Further, although the configuration described in Japanese Patent Application Laid-Open No. 2000-092323 exhibits an effect in a pattern in which dots are caused to grow as in the AM screening, it is believed that overlapping of the respective dot patterns of the two colors occurs in a case where the configuration is applied to the FM screening. In a process of generating a dot pattern of the FM screening, dots of isolated points are grown by dotting at locations as far as possible from surrounding points so that the isolated points are dispersed at uniform distances. Accordingly, when continuing the dotting, the dotting is performed ultimately from positions close to the surrounding points. Therefore, a pattern in which dots of two colors are adjacent to each other is formed so that, in terms of the relationship between the dot diameter and the pixel pitch, the respective dot patterns of the two colors may overlap at the time when the dots of the two colors are adjacent to each other.

SUMMARY

One or more embodiments of the present invention provide an image forming apparatus and a dot pattern adjustment method capable of reducing overlapping of respective dot patterns of two colors.

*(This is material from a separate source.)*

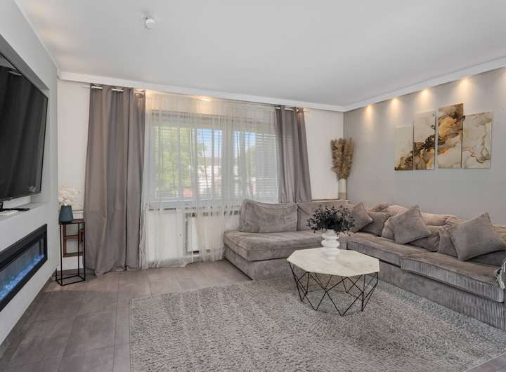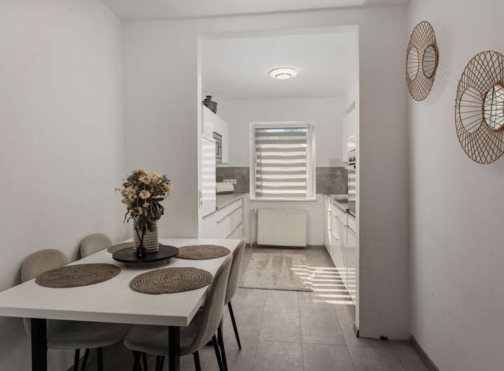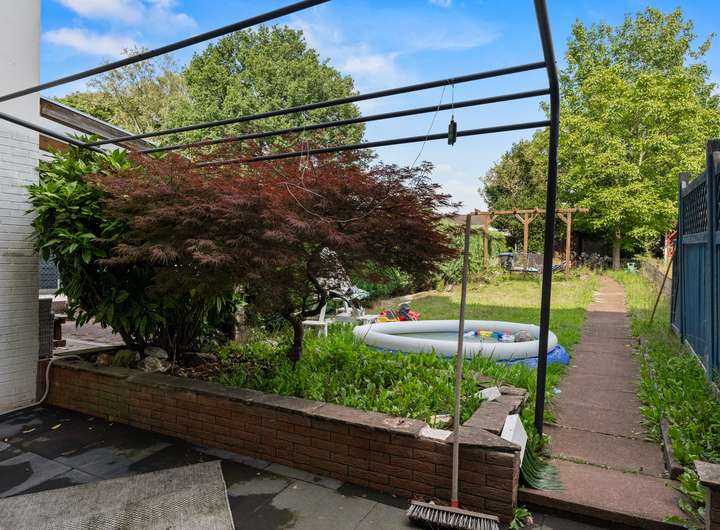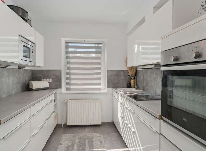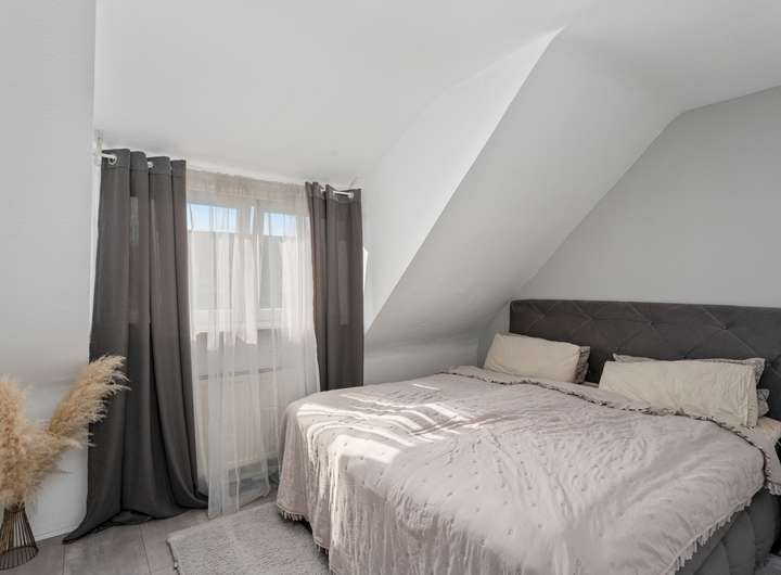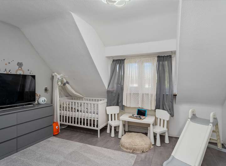 Das im Jahr 1950 fertiggestellte Reihenmittelhaus in Massivbauweise bietet Ihnen mit 103,43m² Wohnfläche, die sich über drei Etagen auf vier Wohn- und Schlafzimmer, offene Küche, zwei Duschbäder und Flure verteilen, ausreichend Platz, damit Sie sich hier ganz nach Ihren Vorstellungen gemütlich einrichten können. Das Haus punktet mit seinem sinnvollen Grundriss mit gut nutzbaren Zimmergrößen, der angenehmen Helligkeit dank der großen Fensterflächen, die viel Tageslicht hineinlassen, aber auch durch seine sehr solide Ausstattung, zu der unter anderem die neue, erst 2020 eingebaute Gaszentralheizung, die Holzfußböden auf allen drei Wohnebenen und die komplett ausgestattete Einbauküche zu zählen sind. Das Erdgeschoss wird vom Wohn- / Esszimmer (21,65m²) mit angeschlossener, halb offener Küche (7,10m²) dominiert. Vom Wohnzimmer haben Sie einen schönen Blick in den Garten, erreichen diesen aber "nur" vom Untergeschoss (Souterrain) aus. Die halb offene Küche ist mit einer ganz in Weiß gehaltenen, komplett ausgestatteten Einbauküche eingerichtet, die dank ihrer ergonomisch platzierten Elektrogeräte und der großen Arbeitsflächen zum (gemeinsamen) Kochen einlädt. Im Dachgeschoss warten zwei Wohn- und Schlafzimmer auf Sie, die sich idealtypisch als Elternschlafzimmer und Kinder- bzw. Jugendzimmer anbieten, dank Größe (15,78m² | 10,10m²), Schnitt und Helligkeit jedoch äußerst flexibel nutzbar sind und sich jederzeit problemlos Ihrer Lebens- bzw. Bedarfssituation anpassen lassen, sei es als Hobby-, Arbeits- oder Gästezimmer. Die beiden Zimmer teilen sich das dazwischenliegende Duschbad (3,20m²). Das vierte Wohn- und Schlafzimmer (17,25m²) finden Sie im Untergeschoss bzw. Souterrain (Raumhöhe 2,31m²). Von hier aus gelangen Sie auch auf die geflieste "Frühstücksterrasse" (12,42m² Grundfläche) mit Ostausrichtung und über eine Stufe weiter in den Garten. Das Tageslichtbad mit Dusche beherbegt auch die neue Gaszentralheizung (Einbau 2020). Ein Abstellraum (3,35m²) sowie der große Flur (6,45m²) komplettieren die se Wohnebene..

One or more embodiments of the present invention provide an image forming apparatus comprising:

an image former that includes ink dischargers of two or more colors and forms an image on a recording medium by using the ink dischargers; and

a hardware processor that generates a dot pattern in each of the ink dischargers of two or more colors, wherein

in a case where a first dot pattern of a first color with a uniform density and a second dot pattern of a second color with a uniform density are combined, the hardware processor adjusts the second dot pattern based on a positional relationship of each dot in the first dot pattern.

One or more embodiments of the present invention provide a dot pattern adjustment method by an image forming apparatus comprising an image former that includes ink dischargers of two or more colors and forms an image on a recording medium by using the ink dischargers, the method comprising:

generating a dot pattern in each of the ink dischargers of two or more colors; and

in a case where a first dot pattern of a first color with a uniform density and a second dot pattern of a second color with a uniform density are combined, adjusting the second dot pattern based on a positional relationship of each dot in the first dot pattern.

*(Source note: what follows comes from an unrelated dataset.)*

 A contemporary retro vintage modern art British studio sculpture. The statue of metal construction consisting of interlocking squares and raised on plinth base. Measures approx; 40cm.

BRIEF DESCRIPTION OF DRAWINGS

The advantages and features provided by one or more embodiments of the invention will become more fully understood from the detailed description given hereinbelow and the appended drawings which are given by way of illustration only, and thus are not intended as a definition of the limits of the present invention:

FIG. 1 is a diagram illustrating a schematic configuration of an image forming apparatus according to one or more embodiments of the present invention;

FIG. 2 is a block diagram illustrating a main functional configuration of the image forming apparatus according to one or more embodiments;

FIG. 3 is a diagram for explaining dot generation of a second dot pattern according to one or more embodiments;

FIG. 4 is a diagram for explaining the dot generation of the second dot pattern according to one or more embodiments;

FIG. 5 is a flowchart illustrating one operation example when executing pattern generation control in the image forming apparatus according to one or more embodiments;

FIG. 6 is a diagram for explaining dot position adjustment of a first dot pattern according to one or more embodiments; and

FIG. 7 is a diagram for explaining the dot position adjustment of the first dot pattern according to one or more embodiments.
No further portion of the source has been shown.